I stil have the same problem.

Stacktrace: 

java.lang.ArrayIndexOutOfBoundsException: 57
	at org.apache.poi.util.LittleEndian.getNumber(LittleEndian.java:502)
	at org.apache.poi.util.LittleEndian.getDouble(LittleEndian.java:220)
	at org.apache.poi.hdgf.chunks.Chunk.processCommands(Chunk.java:174)
	at org.apache.poi.hdgf.chunks.ChunkFactory.createChunk(ChunkFactory.java:171)
	at org.apache.poi.hdgf.streams.ChunkStream.findChunks(ChunkStream.java:58)
	at org.apache.poi.hdgf.streams.PointerContainingStream.findChildren(PointerContainingStream.java:92)
	at org.apache.poi.hdgf.HDGFDiagram.<init>(HDGFDiagram.java:92)
	at org.apache.poi.hdgf.extractor.VisioTextExtractor.<init>(VisioTextExtractor.java:47)
	at org.apache.poi.hdgf.extractor.VisioTextExtractor.<init>(VisioTextExtractor.java:51)
Comment 16 Liyu 2009-07-23 02:45:58 UTC
Bug still exists in POI 3.5 beta. Is there any idea about the error? I can do nothing if I can't create the HDGFDiagram object...
Comment 17 Jan 2011-09-28 14:26:45 UTC
We're seeing the same bug in Apache POI 3.8.0 beta 3.  Is there anyone who is able to fix this?
Comment 18 rendangpei 2011-12-07 09:15:57 UTC
the same in 3.8 beta 4.
stack trace:

java.lang.ArrayIndexOutOfBoundsException: Illegal offset 8 (String data is of length 8)
at org.apache.poi.util.StingUtil.getFromUnicodeLE(StringUtil.java:70)

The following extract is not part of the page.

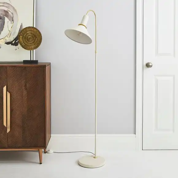 Featuring a simple yet stylish design, the perfect addition for any modern home. The Corben Floor Lamp is beautifully designed with a white sand finish and satin gold plate detailing. Made from steel, this luxurious floor lamp comes with an inline switch and has matching family items available to help coordinate your home.

at org.apache.hdgf.chunks.Chunk.processCommands(Chunk.java:203)
...
Comment 19 Christian Czech 2012-06-21 09:52:05 UTC
the same bug with Apache POI 3.8-20120326

Exception in thread "main" java.lang.ArrayIndexOutOfBoundsException: 57
	at org.apache.poi.util.LittleEndian.getLong(LittleEndian.java:191)

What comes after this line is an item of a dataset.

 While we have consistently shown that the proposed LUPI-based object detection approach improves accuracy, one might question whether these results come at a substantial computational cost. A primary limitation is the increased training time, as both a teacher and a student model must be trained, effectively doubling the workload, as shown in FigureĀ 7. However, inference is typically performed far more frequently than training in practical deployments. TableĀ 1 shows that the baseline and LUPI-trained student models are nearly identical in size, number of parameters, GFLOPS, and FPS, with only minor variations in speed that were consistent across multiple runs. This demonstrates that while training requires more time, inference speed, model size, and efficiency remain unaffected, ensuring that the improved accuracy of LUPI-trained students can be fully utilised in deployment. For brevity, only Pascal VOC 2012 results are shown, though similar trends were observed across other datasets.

	at org.apache.poi.util.LittleEndian.getDouble(LittleEndian.java:104)
	at org.apache.poi.hdgf.chunks.Chunk.processCommands(Chunk.java:175)
	at org.apache.poi.hdgf.chunks.ChunkFactory.createChunk(ChunkFactory.java:180)

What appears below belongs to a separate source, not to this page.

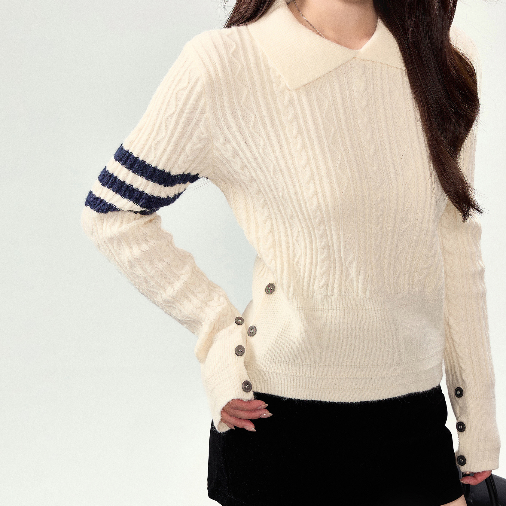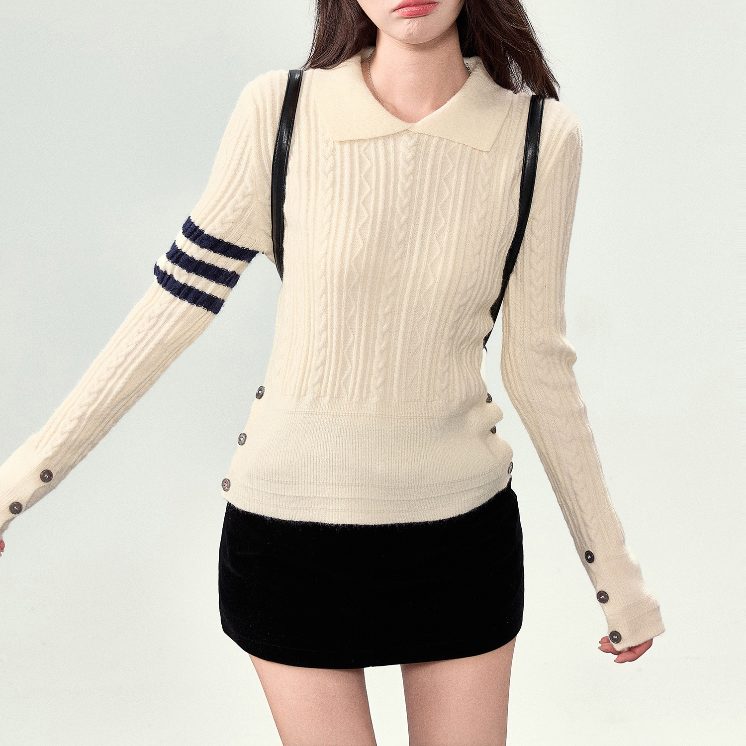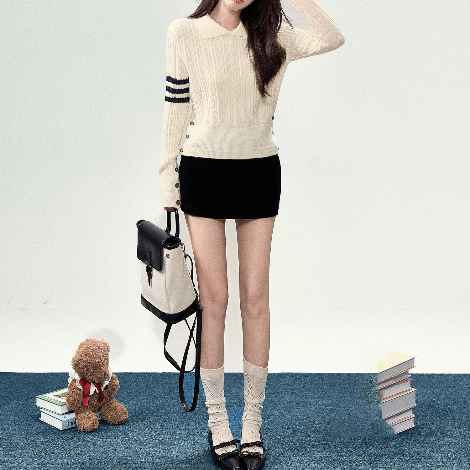 Belknt-Solid Polo Collar Pullover Knitted Top for Women-Tb Style Three Stripes Thin Sweater Short Coat

	at org.apache.poi.hdgf.streams.ChunkStream.findChunks(ChunkStream.java:59)
	at org.apache.poi.hdgf.streams.PointerContainingStream.findChildren(PointerContainingStream.java:93)
	at org.apache.poi.hdgf.HDGFDiagram.<init>(HDGFDiagram.java:106)
	at org.apache.poi.hdgf.HDGFDiagram.<init>(HDGFDiagram.java:70)
	at VsdTextExtractor.<init>(VsdTextExtractor.java:56)
	at VsdTextExtractor.<init>(VsdTextExtractor.java:53)
	at VsdTextExtractor.<init>(VsdTextExtractor.java:66)
	at TestVsdTextExtractor.test(TestVsdTextExtractor.java:13)
	at TestVsdTextExtractor.main(TestVsdTextExtractor.java:6)
Comment 20 Mark 2012-08-28 15:22:28 UTC
Has there been any update on this.  In 3.8 I get the same error with some simple visio documents.
Comment 21 Dominik Stadler 2015-03-22 12:17:55 UTC
I tried all of the files provided here and all could be read successfully without any exception. Therefore I am closing this Bug now, if you still see this I think it would be best to report a new bug entry with a sample file and code to reproduce the problem, preferably as junit test.